Exercise description: Leave out all pictures. Return exactly the lines from the top of the material through the line containing "Rys. 7. Przykład".

Input records:
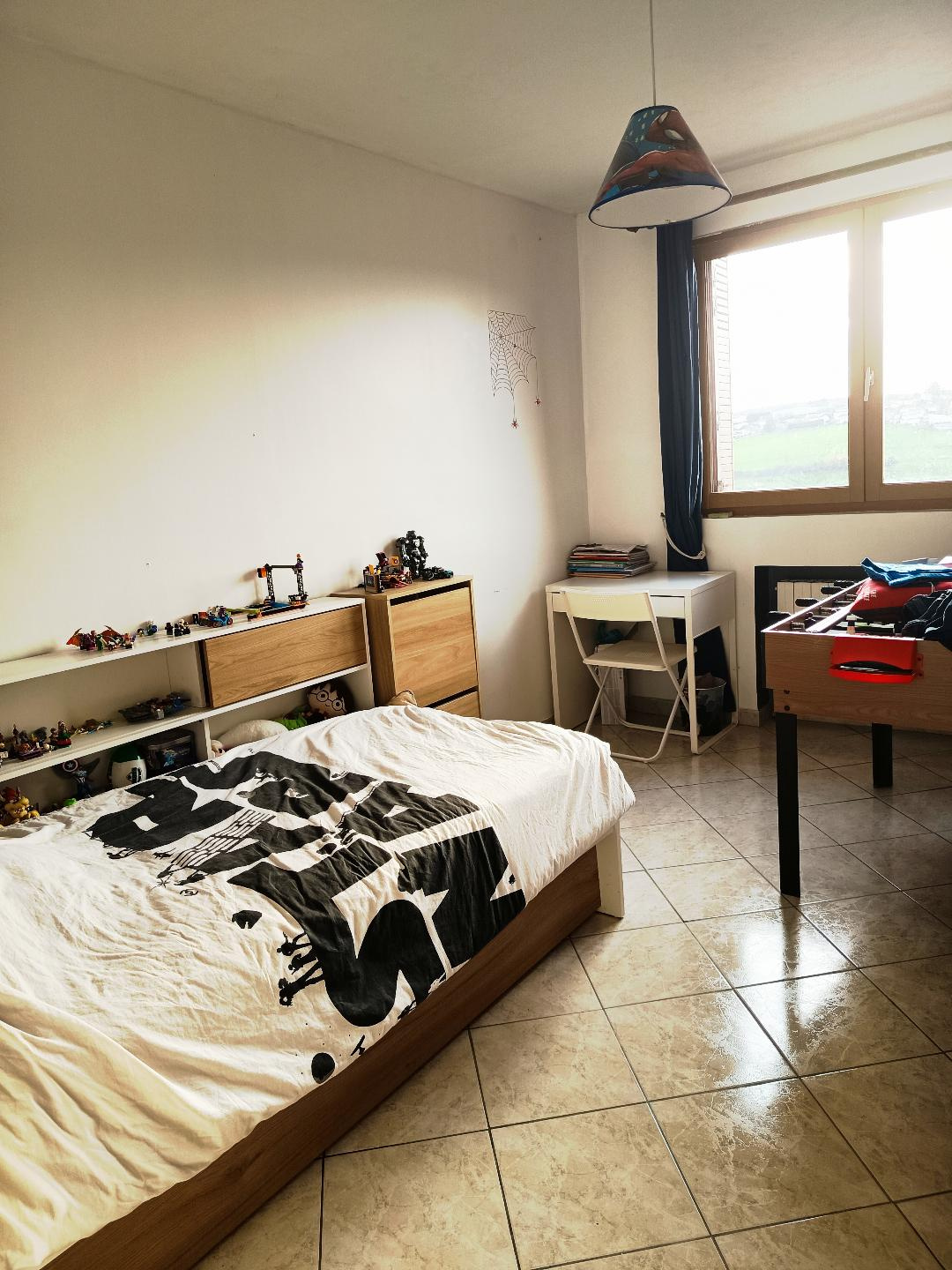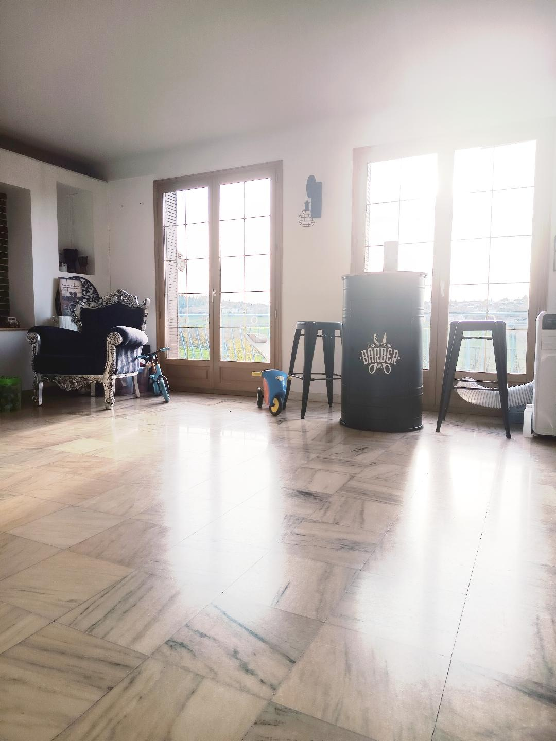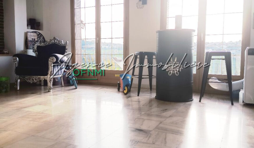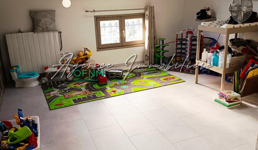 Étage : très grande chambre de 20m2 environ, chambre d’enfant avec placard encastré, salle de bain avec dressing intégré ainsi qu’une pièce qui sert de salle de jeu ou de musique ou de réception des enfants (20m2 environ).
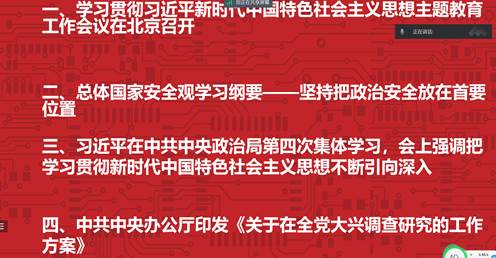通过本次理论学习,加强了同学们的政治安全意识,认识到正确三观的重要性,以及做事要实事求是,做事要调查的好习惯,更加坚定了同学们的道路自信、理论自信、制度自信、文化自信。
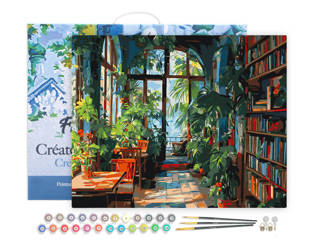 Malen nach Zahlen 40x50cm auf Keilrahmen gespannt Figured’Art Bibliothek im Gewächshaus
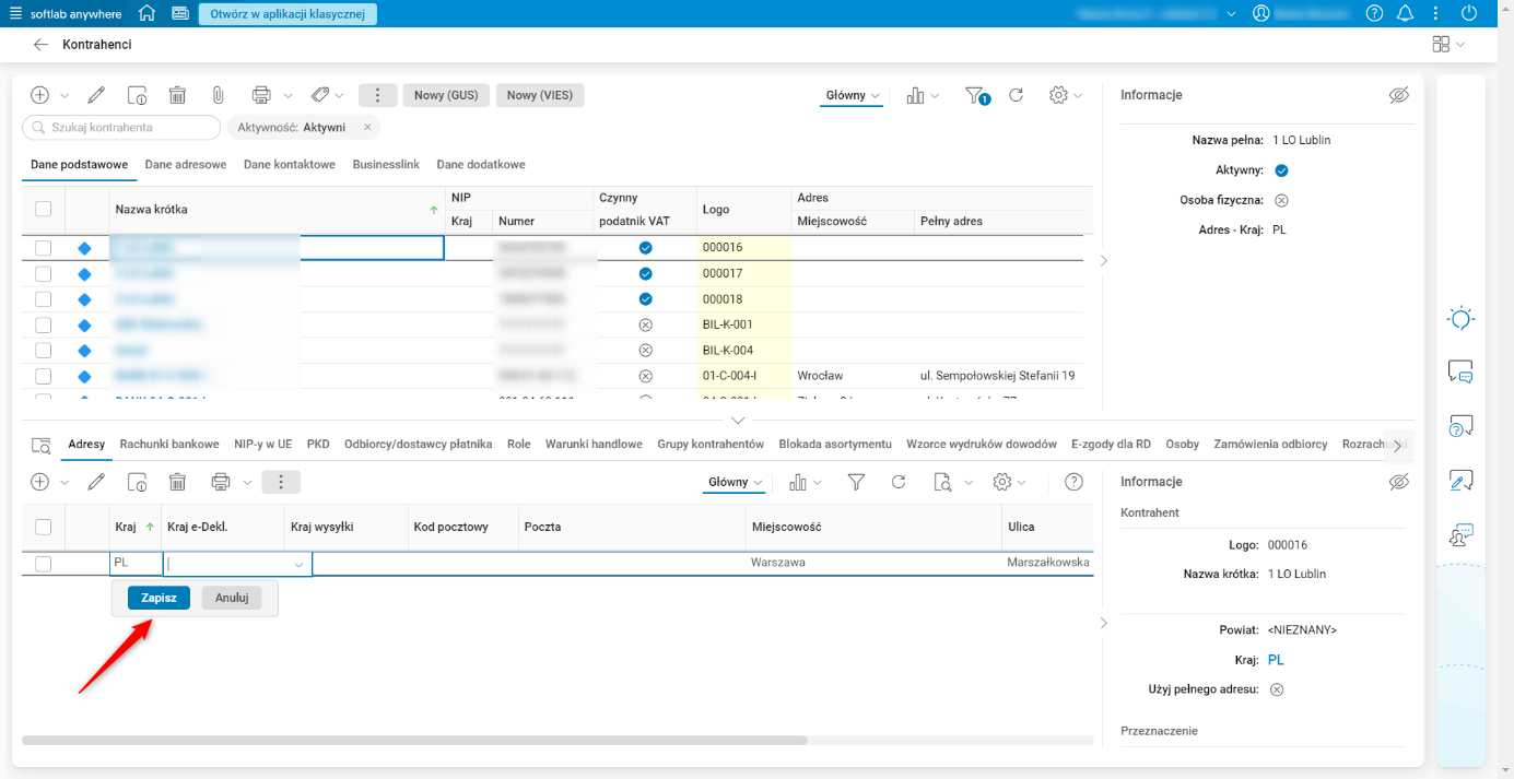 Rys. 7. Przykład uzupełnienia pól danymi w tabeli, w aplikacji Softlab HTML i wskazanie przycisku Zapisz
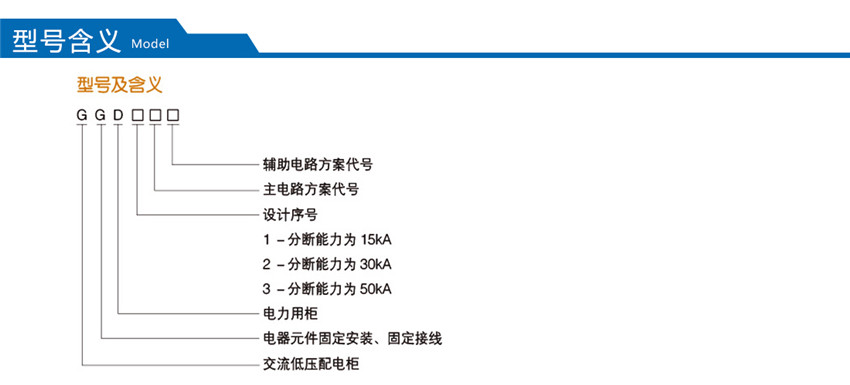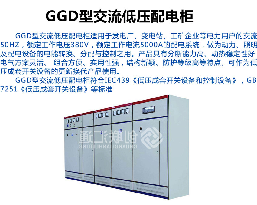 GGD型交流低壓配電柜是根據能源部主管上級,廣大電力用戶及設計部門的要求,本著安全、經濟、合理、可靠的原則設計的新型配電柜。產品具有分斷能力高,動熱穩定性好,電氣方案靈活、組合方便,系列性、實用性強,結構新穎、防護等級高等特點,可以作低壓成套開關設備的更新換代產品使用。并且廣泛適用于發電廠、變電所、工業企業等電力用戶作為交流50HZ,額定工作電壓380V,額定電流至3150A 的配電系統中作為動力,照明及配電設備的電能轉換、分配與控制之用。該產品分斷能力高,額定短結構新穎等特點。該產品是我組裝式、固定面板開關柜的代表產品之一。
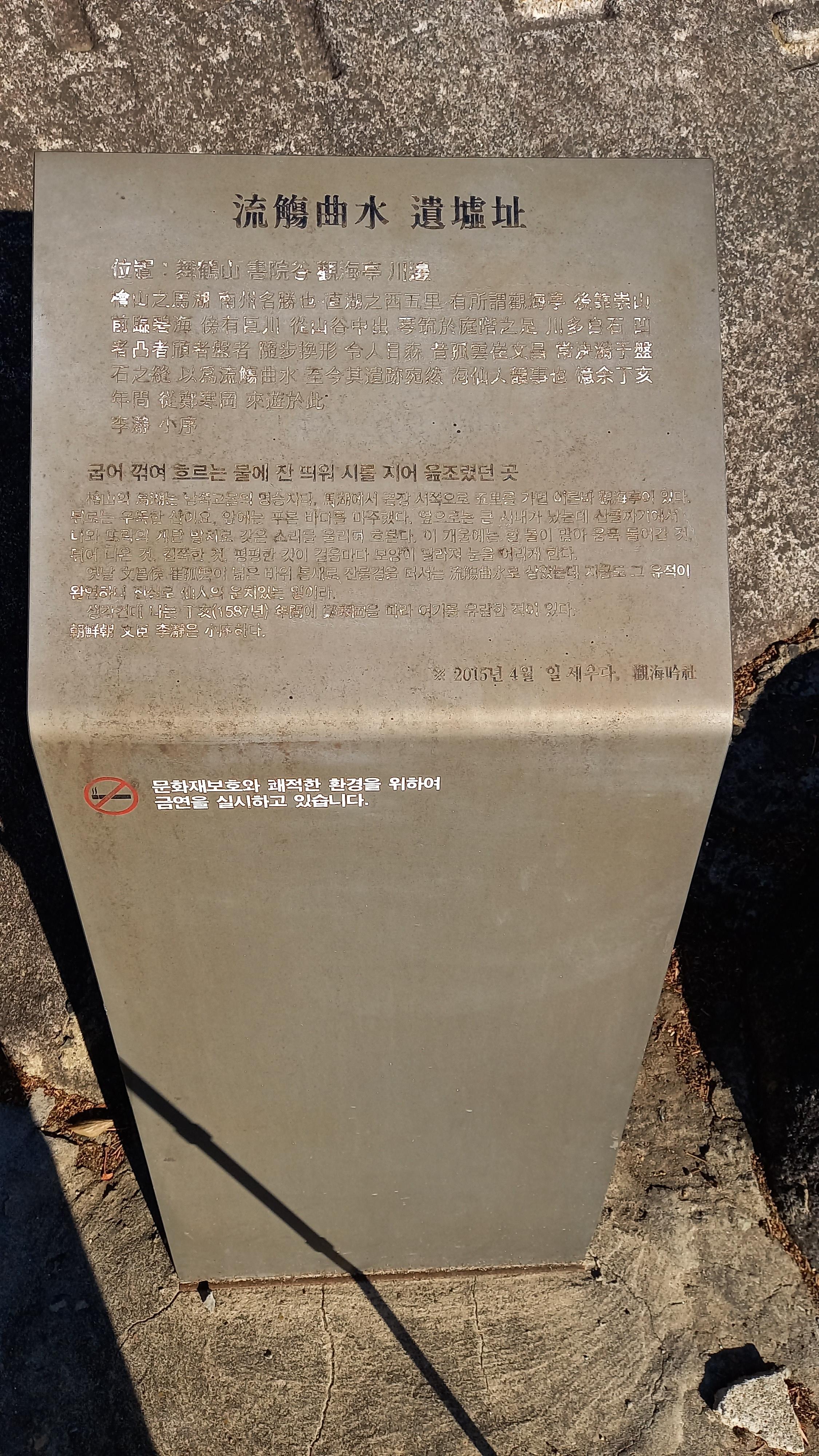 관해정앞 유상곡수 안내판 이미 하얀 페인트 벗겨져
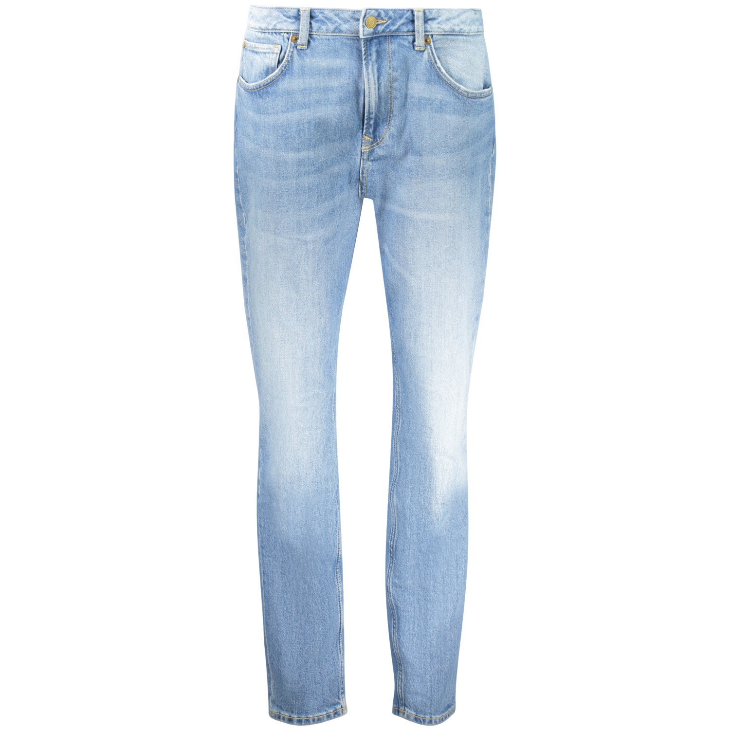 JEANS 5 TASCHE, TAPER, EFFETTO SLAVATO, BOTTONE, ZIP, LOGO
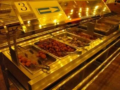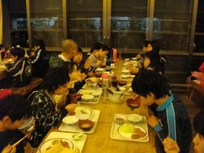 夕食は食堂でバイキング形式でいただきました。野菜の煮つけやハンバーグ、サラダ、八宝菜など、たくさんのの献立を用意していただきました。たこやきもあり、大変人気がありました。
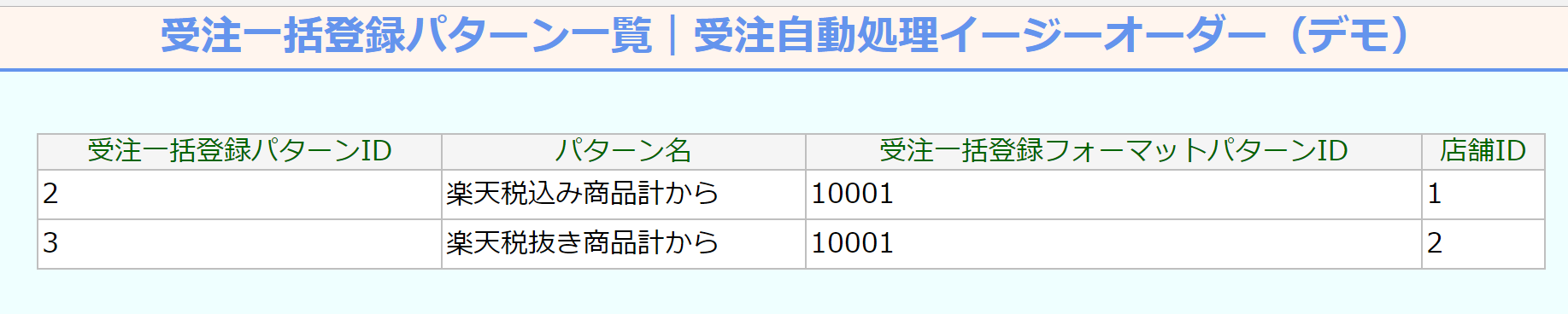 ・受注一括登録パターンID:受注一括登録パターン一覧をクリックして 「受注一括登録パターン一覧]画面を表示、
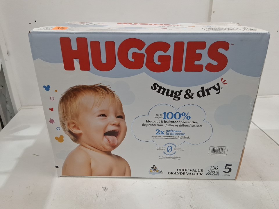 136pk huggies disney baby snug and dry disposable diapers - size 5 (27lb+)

Worked solution:
 Étage : très grande chambre de 20m2 environ, chambre d’enfant avec placard encastré, salle de bain avec dressing intégré ainsi qu’une pièce qui sert de salle de jeu ou de musique ou de réception des enfants (20m2 environ).
通过本次理论学习,加强了同学们的政治安全意识,认识到正确三观的重要性,以及做事要实事求是,做事要调查的好习惯,更加坚定了同学们的道路自信、理论自信、制度自信、文化自信。
 Malen nach Zahlen 40x50cm auf Keilrahmen gespannt Figured’Art Bibliothek im Gewächshaus
 Rys. 7. Przykład uzupełnienia pól danymi w tabeli, w aplikacji Softlab HTML i wskazanie przycisku Zapisz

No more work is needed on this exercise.